El funeral de Jaques Le Blanc había sido modesto e íntimo. Hedda se había trasladado a la casa de los Potter en el Valle tras terminar la ceremonia. Y luego, había desaparecido sin avisar para volver horas más tarde solicitando una reunión con Harry.
Allí, sin más, le había pedido a Harry asilo para Lancelot Wence. El mismo Lancelot que dos años atrás había ayudado a la Rebelión durante el ataque en Hogsmeade. El mismo que había torturado a Katya Danilova. Cuya familia financiaba las operaciones clandestinas que tenían lugar en el Torreón, y cuya participación en la muerte de Jaques Le Blanc aún no quedaba clara.
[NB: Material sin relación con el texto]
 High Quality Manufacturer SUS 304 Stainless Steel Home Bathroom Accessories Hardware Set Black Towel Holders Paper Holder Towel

Por supuesto que James había perdido los estribos de inmediato. Su relación con Hedda se encontraba transitando un espectro de grises que Albus no lograba definir. El hecho de que Hedda solicitara la protección para su ex novio no colaboraba a que la confianza entre ellos mejorara. James estaba llegando al límite de lo que podía tolerar.
Albus prefería no opinar. No confiaba en Lancelot Wence. Nunca había confiado en él. No creía que la gente fuese capaz de cambiar, no de la forma que Hedda parecía esperar. Había mucha oscuridad en Lancelot como para poder remediarlo.
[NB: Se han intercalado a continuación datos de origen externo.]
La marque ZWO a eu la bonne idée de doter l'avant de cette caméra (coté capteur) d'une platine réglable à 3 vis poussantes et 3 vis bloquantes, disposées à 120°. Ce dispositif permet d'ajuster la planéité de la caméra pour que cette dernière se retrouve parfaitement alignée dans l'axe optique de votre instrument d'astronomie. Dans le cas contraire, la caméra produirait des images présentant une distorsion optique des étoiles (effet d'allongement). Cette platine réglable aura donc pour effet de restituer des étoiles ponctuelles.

Pero Hedda siempre había creído en que Lancelot podía redimirse. Incluso ahora seguía creyéndolo. Y Albus le debía demasiado a Hedda. Ella lo había apoyado ciegamente. Ahora era su turno.
Así que se mantuvo en silencio mientras James despotricaba y su padre analizaba las alternativas. Su silencio era lo mejor que podía ofrecerle a su amiga.
—¿Dices que está arrepentido? —intervino Harry. Hedda asintió con firmeza. —¿Y tú confías en él? —insistió en ese aspecto. Hedda lanzó una mirada de soslayo hacia James antes de responder.
—Sí —dijo. James bufó, alzando las manos en el aire en un gesto de completo desconcierto.
—Esto es increíble —farfulló por lo bajo—. Papá, no podemos confiar en él —Su padre le respondió con un asentimiento tranquilo de cabeza, pero cuando volvió a hablar, se dirigió nuevamente hacia Hedda.
—¿Está dispuesto a hacer lo que sea necesario para la Orden del Fénix? —preguntó en un tono imperturbable.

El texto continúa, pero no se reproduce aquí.